Reproduce the whole listing word for word. Leave every image out.

BEGIN

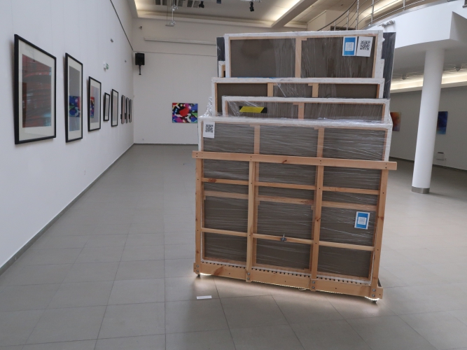 W OPS znalazła się jedna przestrzenna instalacja (nie liczę prac Omuleckiego, które przywierają do ściany) i to całkiem niecyfrowa – cyfrowe są tylko kody QR, którymi ją oznaczono, odsyłające do profilu artysty na Instagramie oraz do jego strony internetowej. Witold Ziemiszewski wystawia obrazy, których nie można zobaczyć. Stoją ściśnięte w skrzyni magazynowej, widzimy tylko ich tyły. To intrygujące i niepokojące jednocześnie.
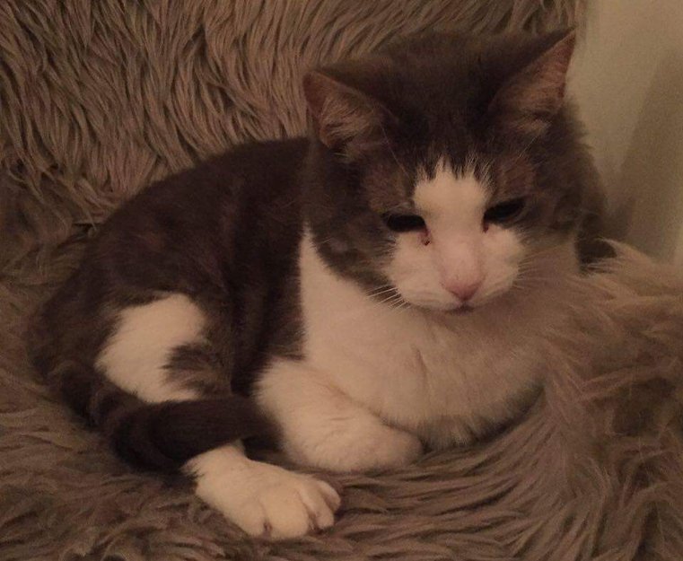 En snill dame fortalte oss at César ble sett ca 1km fra hjemmet på fb. Ble funnet og brakt hjem med sår på nesen og sulten. Har funnet seg godt til rette i sofaen og det ser ikke ut som utelivet frister igjen med det første
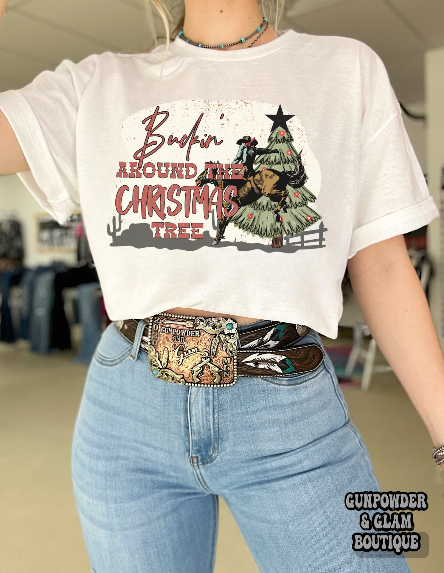Buckin’ Around The Christmas Tree Tee or Crewneck
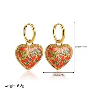 Vintage Ethnic Red Enamel 18K Gold Stainless Steel Gold Heart Earrings
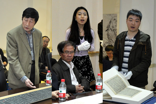 大众分社编辑任平、仇倩倩、栾捷分别从传世、收藏价值以及工艺等几个方面对上海图书馆授权复制的《王羲之十七帖》《明马湘兰致王稚登手札八封》《宋刻汉丞相诸葛忠武侯传》新品作了赏析介绍。之后与会专家学者便展开了热烈的讨论。
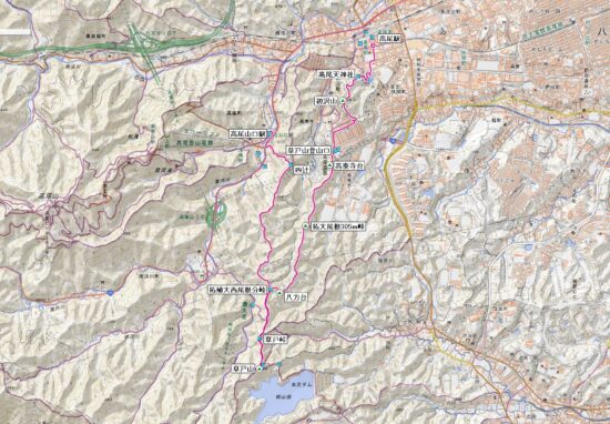 スタート地点~みころも公園(集合場所)~高尾天神社~初沢山~草戸山登山口~高泰寺台~拓大尾根305m峰~八方台~拓殖大西尾根分岐~草戸峠~草戸山~草戸峠~拓殖大西尾根分岐~四辻~高尾山口駅・ゴール
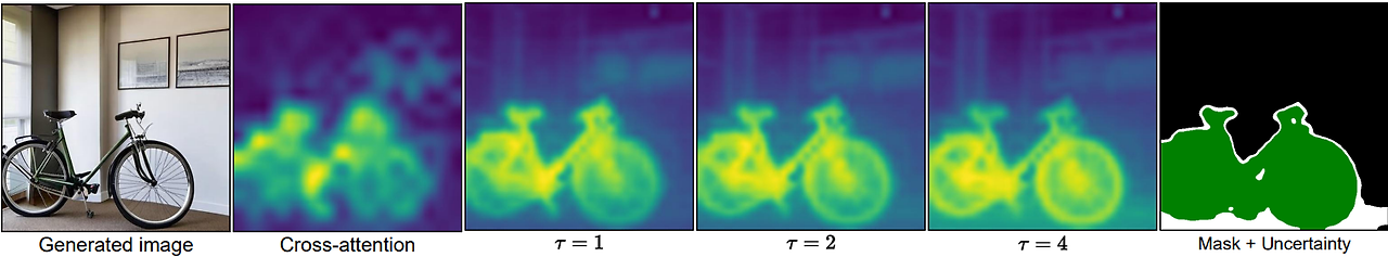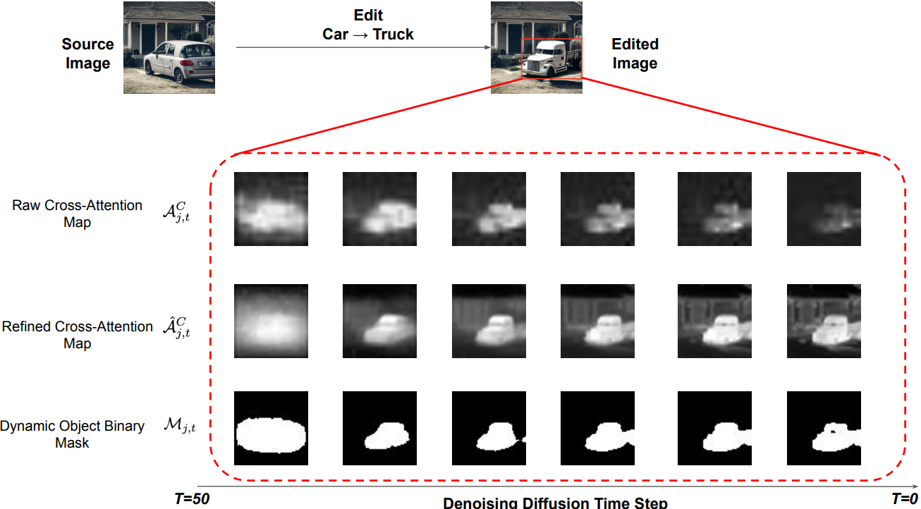 강화된 cross-attention map에 임계값을 적용하여 마스크를 얻을 수 있다.
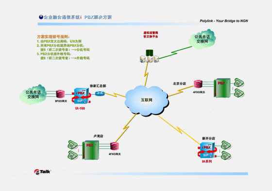 此方案實(shí)施后,用戶今后的VoIP分點(diǎn)擴(kuò)容會(huì)十分簡(jiǎn)單易行。當(dāng)用戶有新的分店時(shí),分店的通訊系統(tǒng)可以直接上一臺(tái)Polylink eTalk® IA系列i PBX,它既有與PBX相同而且更多的各種功能,還具有VOIP網(wǎng)關(guān)的功能,可直接與總部的IX系統(tǒng)互相注冊(cè),既省掉了多添置一臺(tái)語音網(wǎng)關(guān)的成本,也避免了設(shè)備的重復(fù)堆壘。
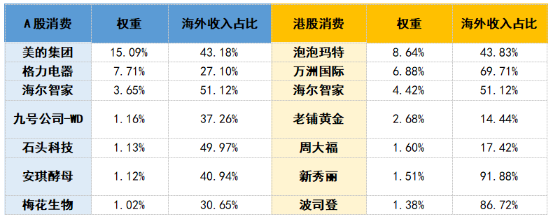 表:指数高海外收入占比权重股对比
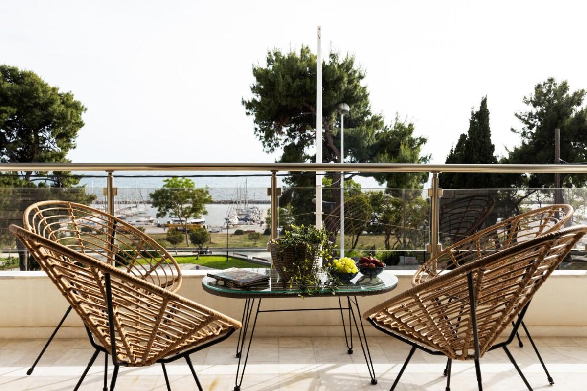 Գեղեցիկ, նրբագեղ, թեթև տանիքով բնակարան ՝ դեպի ծով և լեռ բացվող տեսարաններով ։ Կապույտ աստղանի լողափից և 5 աստղանի հյուրանոցից 3 րոպե հեռավորության վրա ։ Այն ունի բարձրակարգ կահույք, սպասք, արագ Wi-Fi, հեռուստաալիքներ ամբողջ աշխարհից, HIFI համակարգ, օդորակիչ, գազային ջեռուցում, մասնավոր կայանատեղի, երեք պատշգամբ, վերելակ, ներքին հեռախոսակապ և մեծ զգեստապահարան։ Գերովասիլիուին (գինու տուն), օդանավակայանին (15 րոպե), ամռանը նավակով դեպի քաղաքի կենտրոն (45 րոպե )։ Փոքր վճարի դիմաց կարող ենք ձեզ դիմավորել օդանավակայանում։
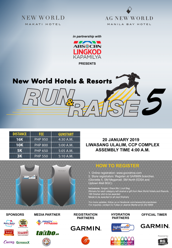 New World Hotels and Resorts’ annual charity fun run, Run and Raise, is on its 5th year. Join us as we lace up and race to raise funds for the children of ABS CBN Lingkod Kapamilya Foundation Inc. – Bantay Bata 163.
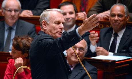 法国总理让-马克·艾罗(Jean-Marc Ayrault)在法国国民议会大厦做预算讨论 图片来源:弗雷德·杜福尔(Fred Dufour)/法新社(AFP)/盖蒂图片社(Getty Images)
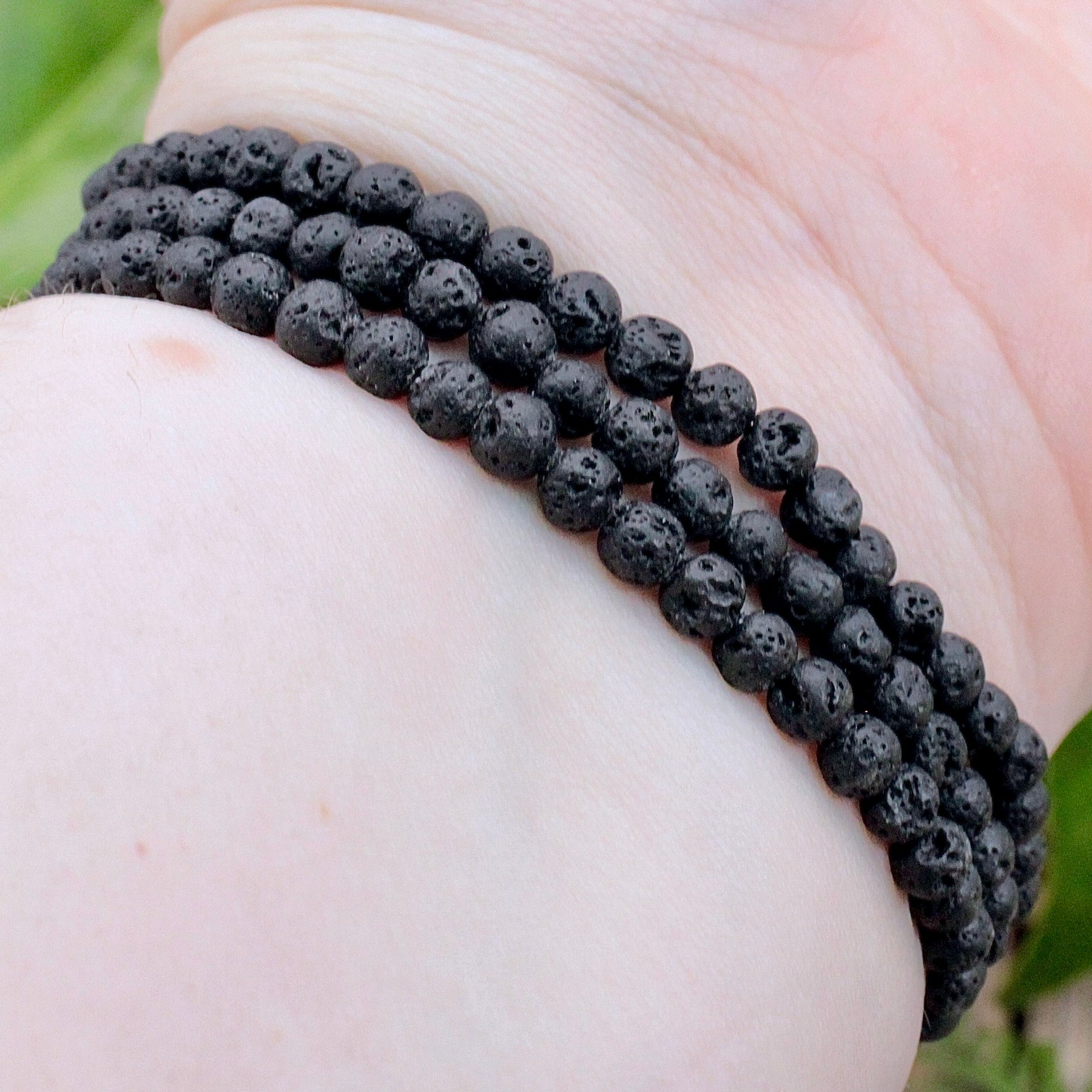 Hand shown for scale. Each bracelet will fit an approximately 7" wrist and beads are approximately 4mm in diameter.

END

Task answer:
 W OPS znalazła się jedna przestrzenna instalacja (nie liczę prac Omuleckiego, które przywierają do ściany) i to całkiem niecyfrowa – cyfrowe są tylko kody QR, którymi ją oznaczono, odsyłające do profilu artysty na Instagramie oraz do jego strony internetowej. Witold Ziemiszewski wystawia obrazy, których nie można zobaczyć. Stoją ściśnięte w skrzyni magazynowej, widzimy tylko ich tyły. To intrygujące i niepokojące jednocześnie.
 En snill dame fortalte oss at César ble sett ca 1km fra hjemmet på fb. Ble funnet og brakt hjem med sår på nesen og sulten. Har funnet seg godt til rette i sofaen og det ser ikke ut som utelivet frister igjen med det første
Buckin’ Around The Christmas Tree Tee or Crewneck
 Vintage Ethnic Red Enamel 18K Gold Stainless Steel Gold Heart Earrings
 大众分社编辑任平、仇倩倩、栾捷分别从传世、收藏价值以及工艺等几个方面对上海图书馆授权复制的《王羲之十七帖》《明马湘兰致王稚登手札八封》《宋刻汉丞相诸葛忠武侯传》新品作了赏析介绍。之后与会专家学者便展开了热烈的讨论。
 スタート地点~みころも公園(集合場所)~高尾天神社~初沢山~草戸山登山口~高泰寺台~拓大尾根305m峰~八方台~拓殖大西尾根分岐~草戸峠~草戸山~草戸峠~拓殖大西尾根分岐~四辻~高尾山口駅・ゴール
 강화된 cross-attention map에 임계값을 적용하여 마스크를 얻을 수 있다.
 此方案實(shí)施后,用戶今后的VoIP分點(diǎn)擴(kuò)容會(huì)十分簡(jiǎn)單易行。當(dāng)用戶有新的分店時(shí),分店的通訊系統(tǒng)可以直接上一臺(tái)Polylink eTalk® IA系列i PBX,它既有與PBX相同而且更多的各種功能,還具有VOIP網(wǎng)關(guān)的功能,可直接與總部的IX系統(tǒng)互相注冊(cè),既省掉了多添置一臺(tái)語音網(wǎng)關(guān)的成本,也避免了設(shè)備的重復(fù)堆壘。
 表:指数高海外收入占比权重股对比
 Գեղեցիկ, նրբագեղ, թեթև տանիքով բնակարան ՝ դեպի ծով և լեռ բացվող տեսարաններով ։ Կապույտ աստղանի լողափից և 5 աստղանի հյուրանոցից 3 րոպե հեռավորության վրա ։ Այն ունի բարձրակարգ կահույք, սպասք, արագ Wi-Fi, հեռուստաալիքներ ամբողջ աշխարհից, HIFI համակարգ, օդորակիչ, գազային ջեռուցում, մասնավոր կայանատեղի, երեք պատշգամբ, վերելակ, ներքին հեռախոսակապ և մեծ զգեստապահարան։ Գերովասիլիուին (գինու տուն), օդանավակայանին (15 րոպե), ամռանը նավակով դեպի քաղաքի կենտրոն (45 րոպե )։ Փոքր վճարի դիմաց կարող ենք ձեզ դիմավորել օդանավակայանում։
 New World Hotels and Resorts’ annual charity fun run, Run and Raise, is on its 5th year. Join us as we lace up and race to raise funds for the children of ABS CBN Lingkod Kapamilya Foundation Inc. – Bantay Bata 163.
 法国总理让-马克·艾罗(Jean-Marc Ayrault)在法国国民议会大厦做预算讨论 图片来源:弗雷德·杜福尔(Fred Dufour)/法新社(AFP)/盖蒂图片社(Getty Images)
 Hand shown for scale. Each bracelet will fit an approximately 7" wrist and beads are approximately 4mm in diameter.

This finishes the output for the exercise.